Supplied material section start

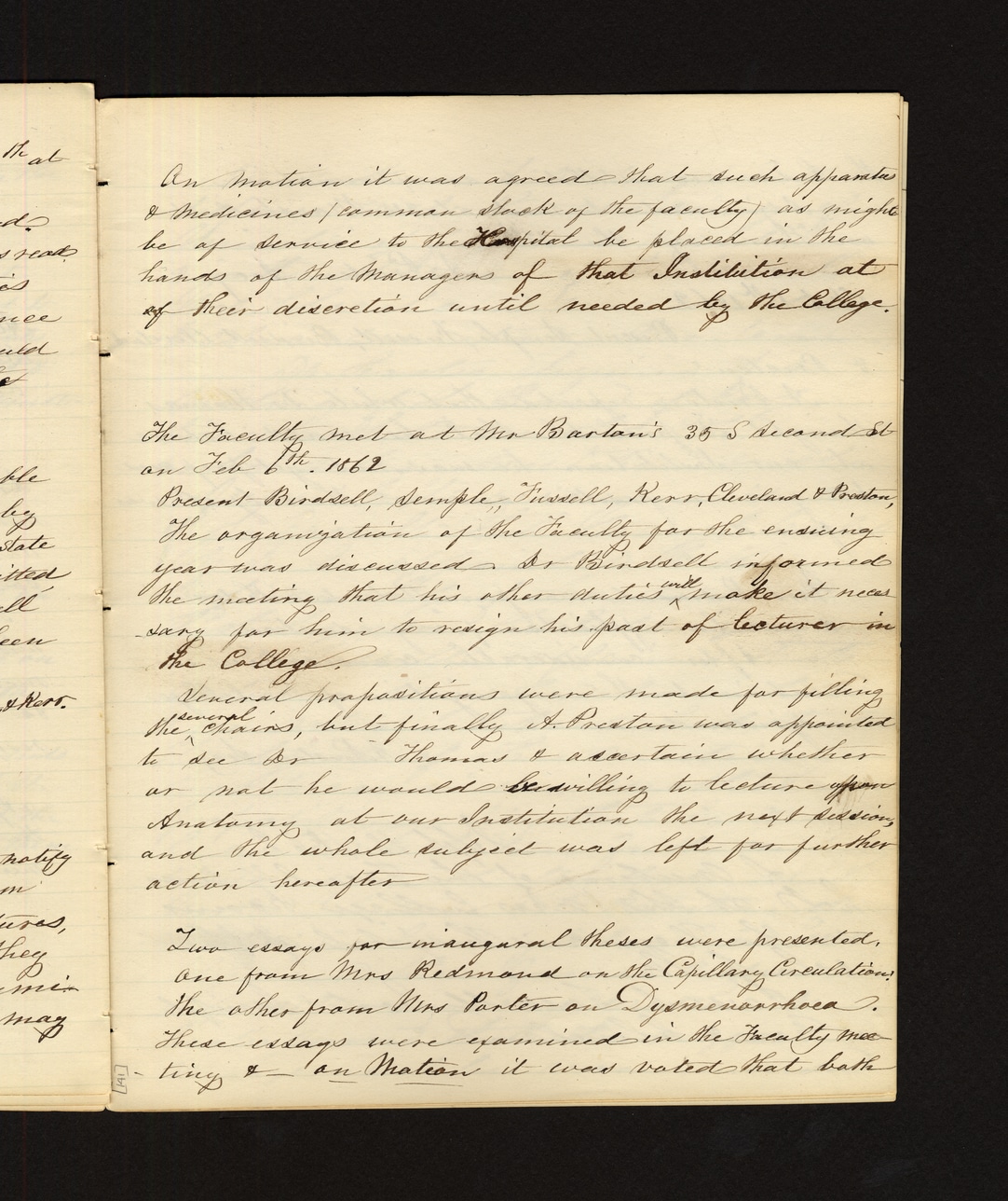 *All entities created above are specific to the 1862 Faculty Meeting archive; common‑knowledge entities such as @philadelphia, @united_states, @date_1862_02_06, etc., are referenced without definition.*An motion it was agreed that such apparatus & medicines (cannons stock of the faculty) as might be of service to the Hospital be placed in the hands of the Managers of that Institution at of their discretion until needed by the College. The Faculty met at Mr. Barton's 35 S Decand St on Feb 6th, 1862 Present: Birdsell, Semple, Finsell, Revr. Cleveland & Boston. The organization of the Faculty for the ensuing year was discussed. Dr. Birdsell informed the meeting that his other duties would make it necessary for him to resign his post of lecturer in the College. Several propositions were made for filling the vacant chairs, but finally A. Preston was appointed to see Dr. Thomas & ascertain whether or not he would be willing to lecture upon Anatomy at our Institution the next session, and the whole subject was left for further action hereafter. Two essays for inaugural theses were presented, one from Mrs. Redmond on the Capillary Circulation. The other from Mrs. Parter on Dysmenorrhoea. These essays were examined in the Faculty meeting & an motion it was voted that both
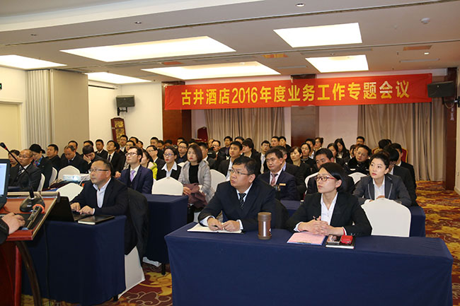 1月18日,免费pg电子试玩软件举行2016年度业务工作专题会暨年度安全工作会议,会议在合肥古井君莱酒店13楼会议室召开,公司高管、总部各业务部门负责人、各门店负责人近百人参加会议。
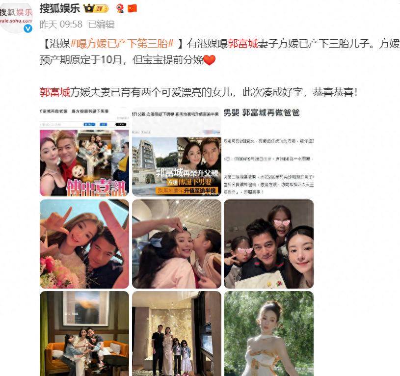 如今方媛又三胎得子,「天王嫂」地位飛升,郭富城更是把她捧上了天。
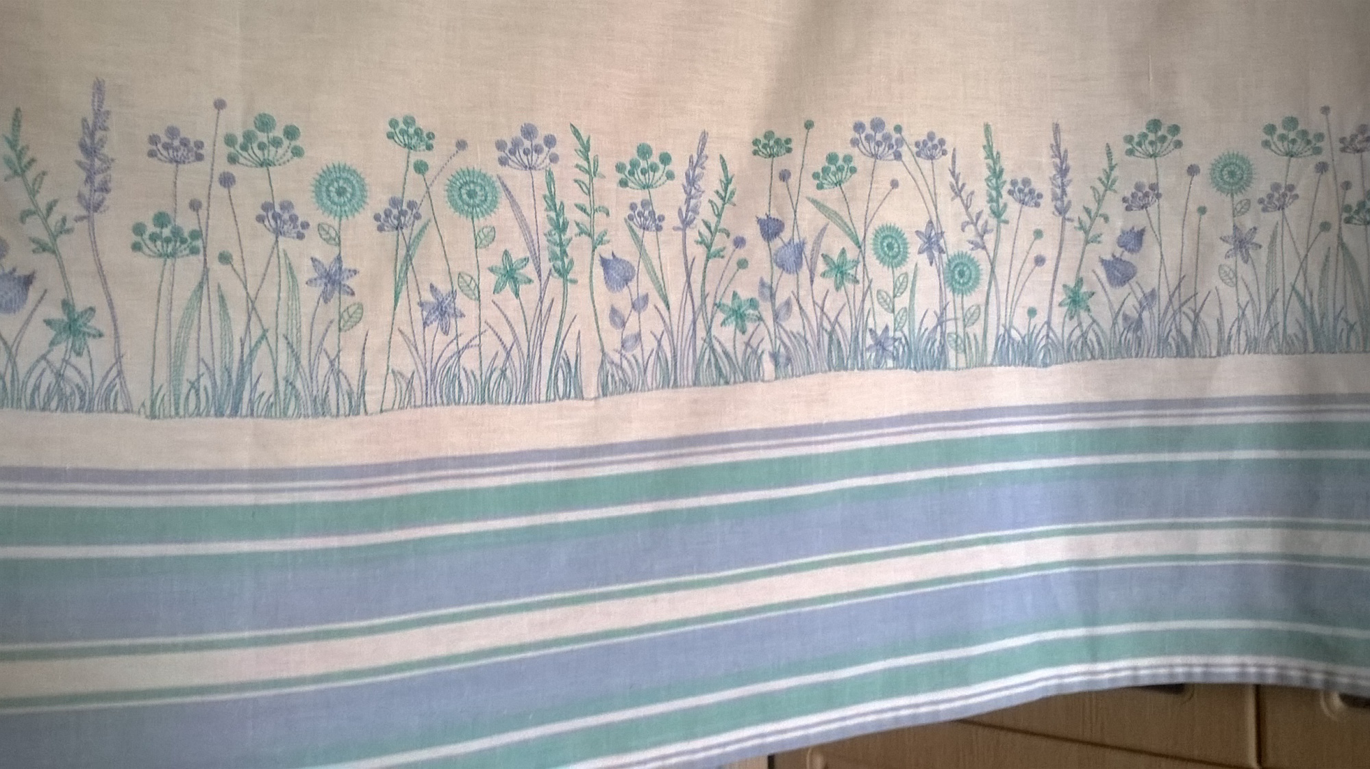 КапуткА Опубликовано 24 июля, 2016 Поделиться #977 Опубликовано 24 июля, 2016 Не удержалась, нашла хвост от телефона. Хвастаюсь промежуточным результатом :-))Льняная простыня со времён глубокого социализма, очень пожилая, полоски вытканы. Вышивка в двух цветах, нитки подобрались практически точно под цвета полосок. В намотке чуть темнее, но в вышивке по тону неплохо совпало.Дизайн от Богдана и Тани, качество дизайна потрясающее, разработан специально для тонких\прозрачных тканей, поэтому по льну шила просто так без стабилизации.В вышивке я совсем-совсем чайник, ничего не умею. Но тут даже у меня что-то получилось. Косяки, понятно, есть :-)) Самое начало, вышито только в одном цвете. Это вчерашний результат, не отпарено, всё мятое. Показываю, потому что здесь цвет похоже получился. Именно из-за цвета эти мятые тряпочки и показываю :-))Это уже всё довышито, отпарено, общая длина вышитой части 171см. Длина карниза 1,5м.Освещение уже плохое, вечер, цвета не очень внятно получились. Natalia K (@nataliak6224) • Фото и видео в Instagram Наталья (vk.com) Ссылка на сообщение Поделиться на другие сайты Поделиться
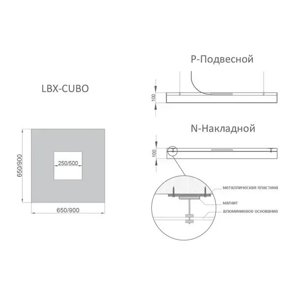 - RVE-LBX-CUBO-650 - 55Вт (5 500Лм) 650x650x100мм - 26 706 руб.
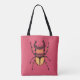 Farbenfrohe Käfertasche mit einer künstlerischen Vektorgrafik, die einen Hirschkäfer mit großen, mit Zierelementen gemusterten, in lustigen Gelb- und Orangenfarben über süß-rosa Hintergrund darstellt. Sein Entomologiedesign wird jemanden ansprechen, der Käfer, Insekten und wild lebende Tiere Liebe.

Supplied material section end

What the task asks: Give the listing again word for word, without its images.

Finished exercise:
 *All entities created above are specific to the 1862 Faculty Meeting archive; common‑knowledge entities such as @philadelphia, @united_states, @date_1862_02_06, etc., are referenced without definition.*An motion it was agreed that such apparatus & medicines (cannons stock of the faculty) as might be of service to the Hospital be placed in the hands of the Managers of that Institution at of their discretion until needed by the College. The Faculty met at Mr. Barton's 35 S Decand St on Feb 6th, 1862 Present: Birdsell, Semple, Finsell, Revr. Cleveland & Boston. The organization of the Faculty for the ensuing year was discussed. Dr. Birdsell informed the meeting that his other duties would make it necessary for him to resign his post of lecturer in the College. Several propositions were made for filling the vacant chairs, but finally A. Preston was appointed to see Dr. Thomas & ascertain whether or not he would be willing to lecture upon Anatomy at our Institution the next session, and the whole subject was left for further action hereafter. Two essays for inaugural theses were presented, one from Mrs. Redmond on the Capillary Circulation. The other from Mrs. Parter on Dysmenorrhoea. These essays were examined in the Faculty meeting & an motion it was voted that both
 1月18日,免费pg电子试玩软件举行2016年度业务工作专题会暨年度安全工作会议,会议在合肥古井君莱酒店13楼会议室召开,公司高管、总部各业务部门负责人、各门店负责人近百人参加会议。
 如今方媛又三胎得子,「天王嫂」地位飛升,郭富城更是把她捧上了天。
 КапуткА Опубликовано 24 июля, 2016 Поделиться #977 Опубликовано 24 июля, 2016 Не удержалась, нашла хвост от телефона. Хвастаюсь промежуточным результатом :-))Льняная простыня со времён глубокого социализма, очень пожилая, полоски вытканы. Вышивка в двух цветах, нитки подобрались практически точно под цвета полосок. В намотке чуть темнее, но в вышивке по тону неплохо совпало.Дизайн от Богдана и Тани, качество дизайна потрясающее, разработан специально для тонких\прозрачных тканей, поэтому по льну шила просто так без стабилизации.В вышивке я совсем-совсем чайник, ничего не умею. Но тут даже у меня что-то получилось. Косяки, понятно, есть :-)) Самое начало, вышито только в одном цвете. Это вчерашний результат, не отпарено, всё мятое. Показываю, потому что здесь цвет похоже получился. Именно из-за цвета эти мятые тряпочки и показываю :-))Это уже всё довышито, отпарено, общая длина вышитой части 171см. Длина карниза 1,5м.Освещение уже плохое, вечер, цвета не очень внятно получились. Natalia K (@nataliak6224) • Фото и видео в Instagram Наталья (vk.com) Ссылка на сообщение Поделиться на другие сайты Поделиться
 - RVE-LBX-CUBO-650 - 55Вт (5 500Лм) 650x650x100мм - 26 706 руб.
 Farbenfrohe Käfertasche mit einer künstlerischen Vektorgrafik, die einen Hirschkäfer mit großen, mit Zierelementen gemusterten, in lustigen Gelb- und Orangenfarben über süß-rosa Hintergrund darstellt. Sein Entomologiedesign wird jemanden ansprechen, der Käfer, Insekten und wild lebende Tiere Liebe.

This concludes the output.